There is a simple way to fix this problem. You work around the Python
packaging system, or at least only have core developers use it to
assemble a build that was generated from a continuous integration
system. Then tell easy_install, or plain distutils, to just install
the tar file. This is what Django does, and it isn't exactly elegant,
but then again, I have never had a problem installing Django, and I
have had a problem installing Pylons.
> I hate to pass the buck, but this is Python's fault for not having
> reliable package management built in. There's nothing Pylons can do
> about it except switch to another programming language.
What programming language has a reliable package management system built in?
Why do you think distutils is not reliable?
Isn't it enough to use the package management systen you system provides
when you need complete and rigorous one?
That's what Guido says, and it's why we're at an impasse. Distutils
is fine if you just need to download one or two packages and "python
setup.py install" them. But that doesn't scale when a package has a
dozen dependencies that recursively have dependencies. Without
Setuptools, Python and TurboGears couldn't exist, and Zope and Twisted
would not have been able to split themselves into several packages.
People coming to Python from Perl and Ruby expect to be able to just
run a command to download and install a package. That problem was
solved ten years ago, so why does Python still not have it standard?

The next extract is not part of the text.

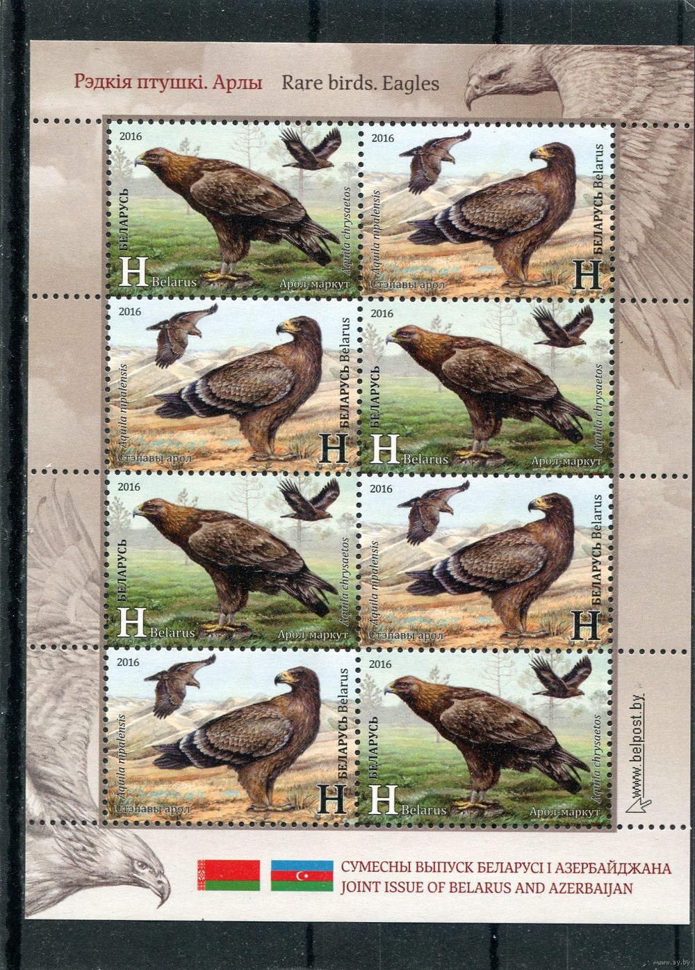 Беларусь 2016. Фауна. Орлы. Совместный выпуск с Азербайджаном. Малый лист
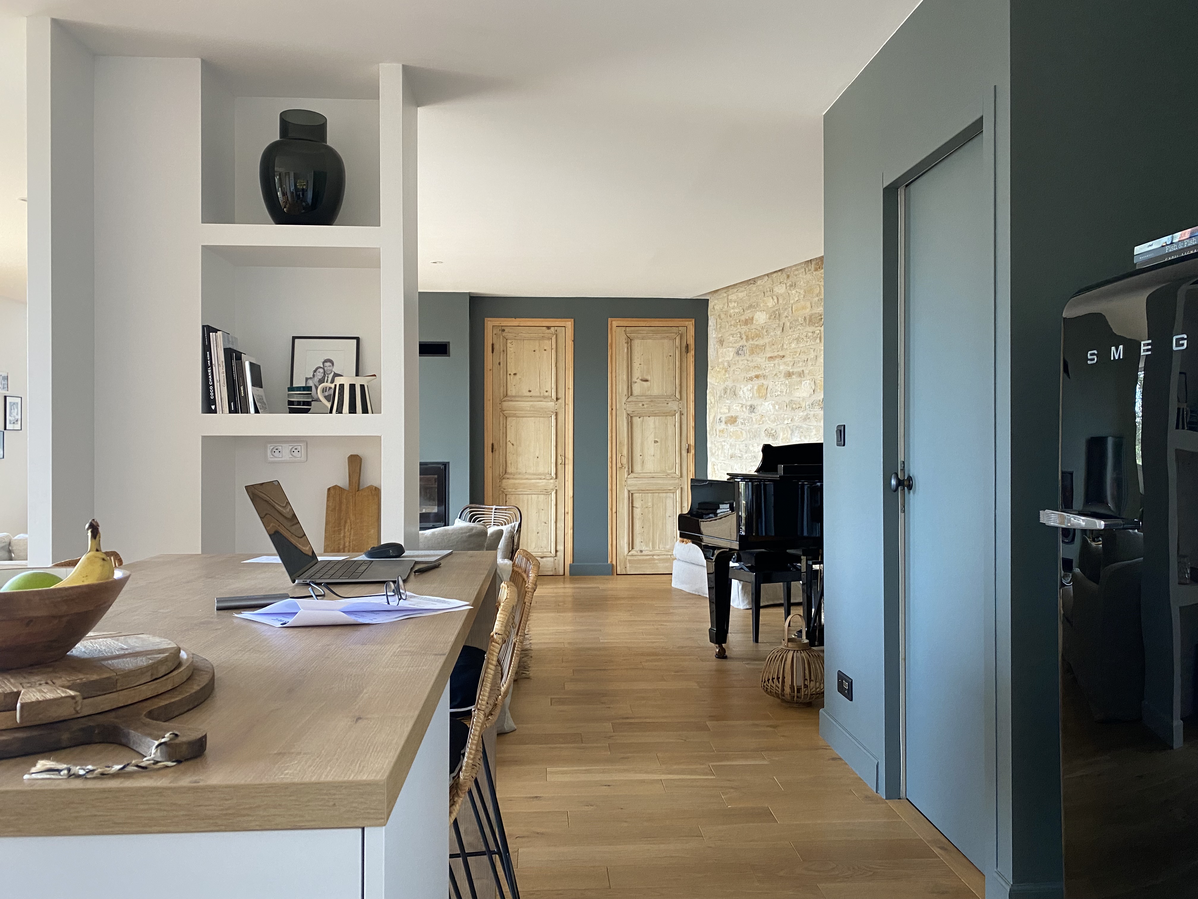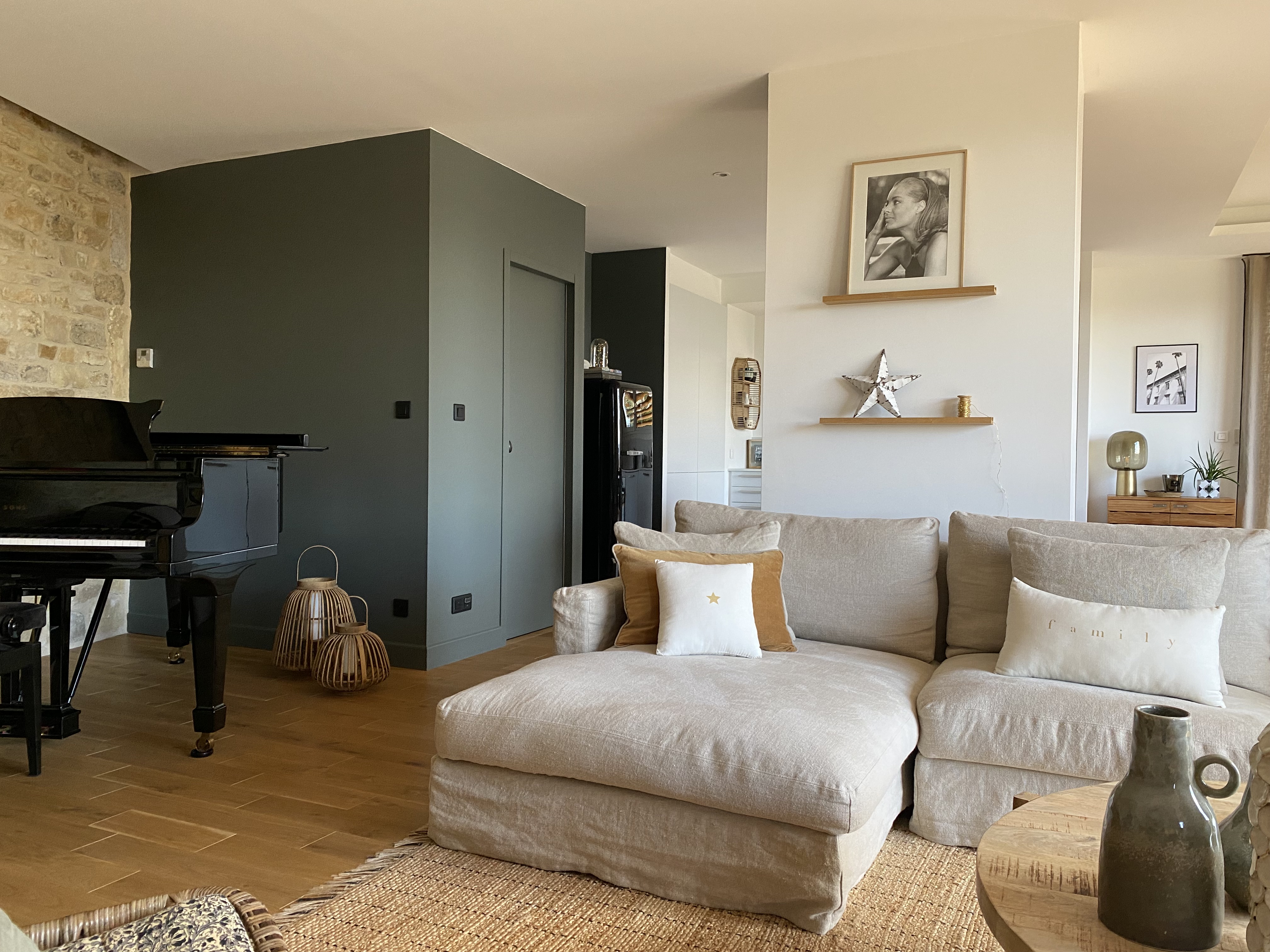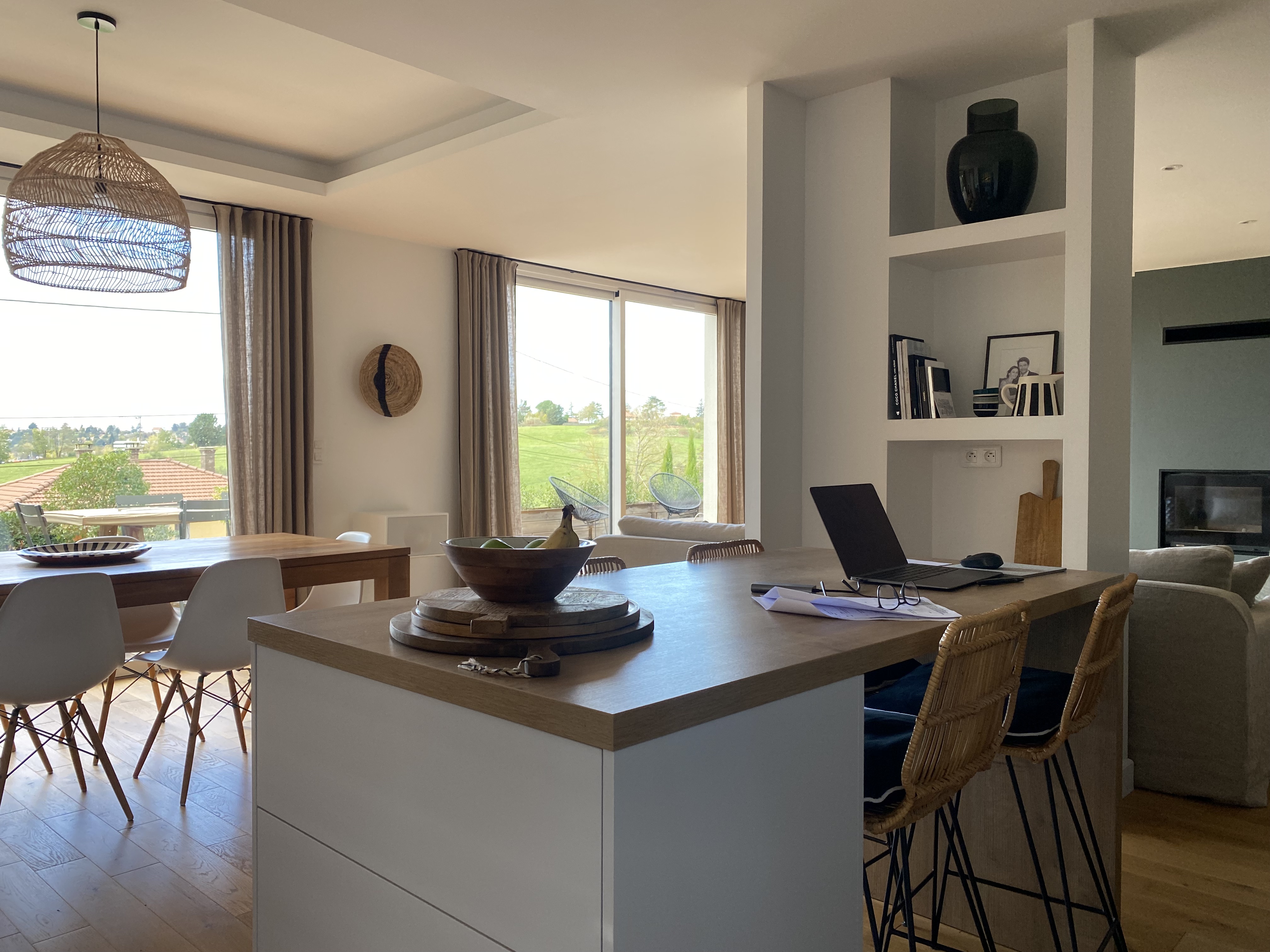 Esprit authentique et cosy pour cette maison des années 80 rénovée avec toutes les tendances actuelles : matières naturelles et tonalités douces en font un nid douillet. Piano demi-queue de collection et cheminée, à l'étages suite et 2 chambres enfants. Terrasse en bois devant l'espace living et piscine adjacente.

If Setuptools and Virtualenv or the equivalent were built into Python,
you could trust that every computer that has successfully installed
Python can install packages and make virtual environments the same
way. That would eliminate 2/3 of the problems users have when
installing Pylons, and the subsequent need to explain the problems and
workarounds in the installation docs. And the problems are different
on Windows vs Mac vs Linux, and App Engine adds another dimension. At
work people say, "Half the trouble of Pylons is installing it", and I
often have to help them install it in person because otherwise they
get stuck at some error message and have no idea what to do.
--
Mike Orr <slugg...@gmail.com>
>
> . And the problems are different
>> on Windows vs Mac vs Linux, and App Engine adds another dimension.
>> At
>> work people say, "Half the trouble of Pylons is installing it", and I
>> often have to help them install it in person because otherwise they
>> get stuck at some error message and have no idea what to do.
>
> Not to belabor the point, but couldn't this be automatically tested on
> a mac buildbot with a linux and windows virtual machine? You
> easy_install pylons, which in a sense is a build, and then run tests,
> which a few standard configurations? Maybe hardware could get donated
> for this.
Snakebite might be suitable for this.
http://www.snakebite.org/
Cheers
Chris Miles
> I agree that it'd be good to have virtualenv shipped with Python. I
> wish I did have to tell my Pylons application users to first download
> virtualenv, dearchive it, extract virtualenv.py, etc.
Ah, on that front, some good news if they're running linux/OSX. A one-
liner will download a bootstrap script, make a new virtualenv, and
setup Pylons inside it:
curl http://pylonshq.com/download/0.9.7/go-pylons.py | python - mydevenv
Where mydevenv is the name of the virtualenv. I actually like this
approach so much, I use it whenever deploying a Pylons app to first
setup Pylons in a new virtualenv. Note that the installation docs
document this:
http://pylonshq.com/docs/en/0.9.7/gettingstarted/#installing
Note if you take a look inside the go-pylons script, there's a section
where you can declare commands to run in the new virtualenv, so you
could further customize the bootstrap script to get your own Pylons
app, install its dependencies, etc.
Cheers,
Ben
I use zc.buildout to install/deploy my pylons apps.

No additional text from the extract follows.